Пятерых из них, во всяком случае.
Коста слушал пояснения Бруно Мессины, а сам всю дорогу смотрел на внимательное лицо Фальконе, читая на нем мысли коллеги, и потихоньку приходил к выводу, что дело Браманте по-прежнему не закончено — по крайней мере для этих двоих. Лео в тот период как раз ожидал повышения по службе: многообещающий инспектор под началом отца Мессины, тоже комиссара полиции, которого с позором выгнали со службы, после того как возбужденное им дело против студентов окончательно развалилось. Карьера Мессины-старшего рассыпалась в прах из-за того, что произошло после таинственного исчезновения Алессио Браманте. И это до сих пор причиняло боль его сыну. Они принадлежали, и это было известно во всей квестуре, к семье полицейских, история которой насчитывала уже несколько поколений. Полицейский мундир и служебный долг были у них в крови. Существовали также и причины профессионального свойства, почему и Мессина, и его отец были крайне недовольны подобным исходом. И Фальконе, несомненно, разделял их чувства. Дела, связанные с пропажей детей, требовали большей решительности и от родителей — Беатрис Браманте, хотя и развелась с мужем, пока он сидел в тюрьме, по-прежнему проживала в Риме, — и от связанных с этим делом офицеров полиции.
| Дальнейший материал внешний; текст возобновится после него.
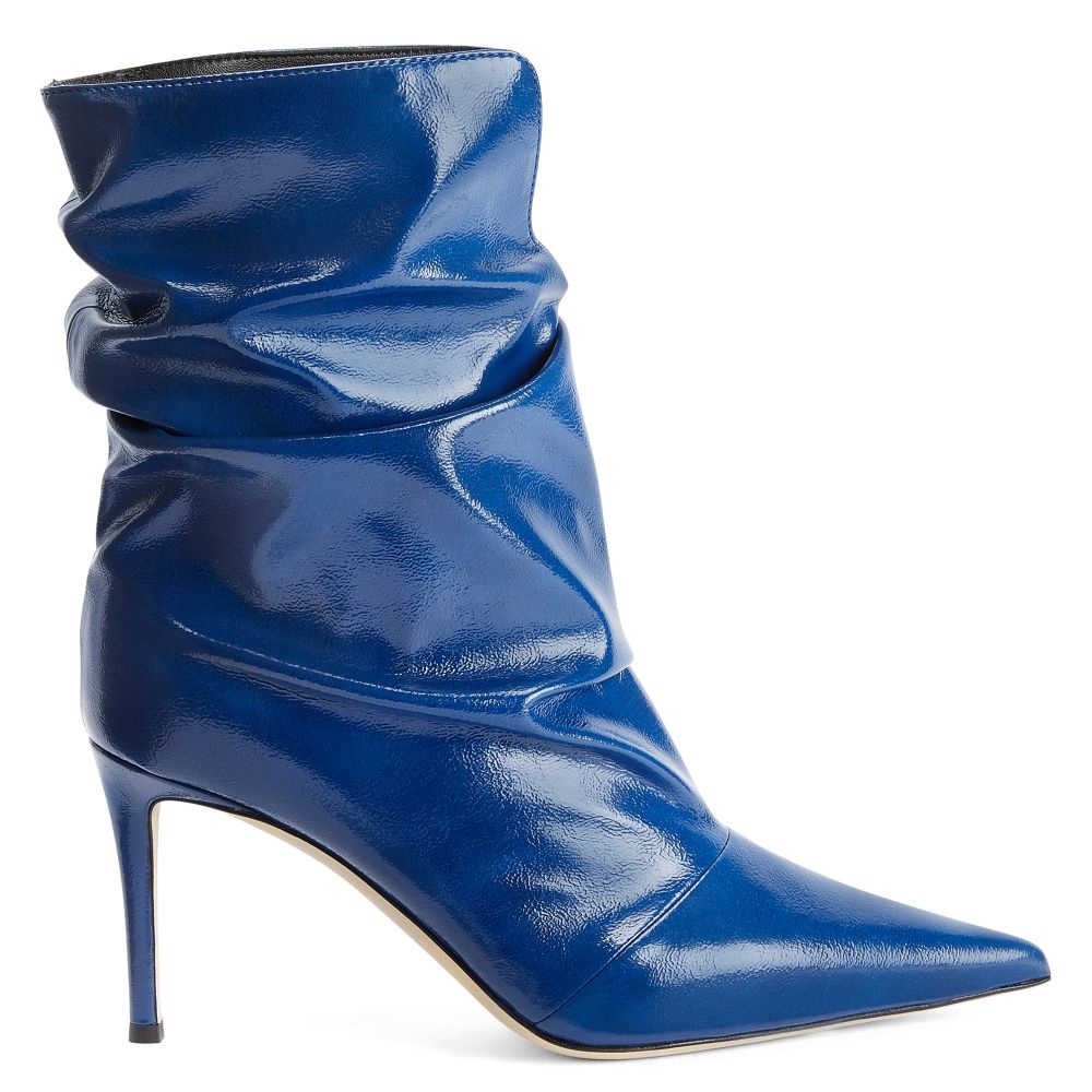 Product Details These ankle boots are crafted from patent-effect blue synthetic fabric and feature a soft shaft, matching covered stiletto heels and a leather sole. Patent-effect blue synthetic fabric Heel covered in patent-effect blue synthetic fabric 85 mm heel Leather sole with logo Made in Italy

Перони, всегда стремившийся сразу перейти к сути дела, дождался, когда автобус объедет скопившийся возле Колизея транспорт, и спросил:
— Напомните мне, пожалуйста, почему эти подонки не оказались за решеткой?
— Из-за адвокатов, — презрительно бросил Мессина. — Те заявили, что это совершенно невозможно.
Фальконе погладил серебристую козлиную бородку и испустил долгий, тяжелый вздох.
— Это очень важно, все сейчас вновь обсудить, комиссар. Тогда нам обоим станет ясно, что перед нами за проблема. В отличие от вас я был тогда там…
— А то я не знаю, — проворчал Мессина, мрачный и нахмуренный.
Фальконе и глазом не моргнул в ответ. Коста не раз был свидетелем того, как Лео справлялся и с более сложными ситуациями, чем спор с молодым, не в меру честолюбивым комиссаром, всего несколько месяцев назад занявшим этот пост.
— Вот и хорошо. Тогда позвольте все объяснить. Было две причины, по которым против студентов Браманте не выдвинули обвинений. Первая — не нашлось улик. Сами они не представили ничего. Судмедэксперты тоже ничего не дали. Трупа у нас также не было. И никаких зацепок, ни единого намека на то, куда мог деться мальчик или что с ним случилось. Одни подозрения, основанные в основном на нежелании студентов предпринять хоть что-то, чтобы помочь самим себе. У нас не имелось ничего, на чем можно было бы выстроить обвинение…
Бруно Мессина, человек весьма плотного телосложения, с густой черной шевелюрой и странным подвижным лицом, на котором часто и быстро менялось выражение — от вежливого до злобно-угрожающего, — проворчал:
— Я наверняка выбил бы из них показания.
— Ваш отец тоже так считал. Но просчитался. Тогда он запер главаря этой шайки наедине с Джорджио Браманте на целый час в маленькой тихой камере в самом конце коридора в подвале дома, который мы все отлично знаем. И это подводит меня ко второй причине, почему никому не было предъявлено обвинений в связи с исчезновением Алессио. Не хочется напоминать вам об этом, но за час Браманте избил несчастного парня до потери сознания. Лудо Торкья умер в машине «скорой помощи» по пути в больницу, и я был там вместе с ним. После чего мы по уши увязли в делах о нарушении прав человека, и адвокаты сделали все, чтобы остальные подозреваемые, если они еще не узнали об этом, смогли убраться подобру-поздорову, никому не проболтавшись. И все потому, что мы допустили убийство одного из подозреваемых, по сути дела, у нас на глазах.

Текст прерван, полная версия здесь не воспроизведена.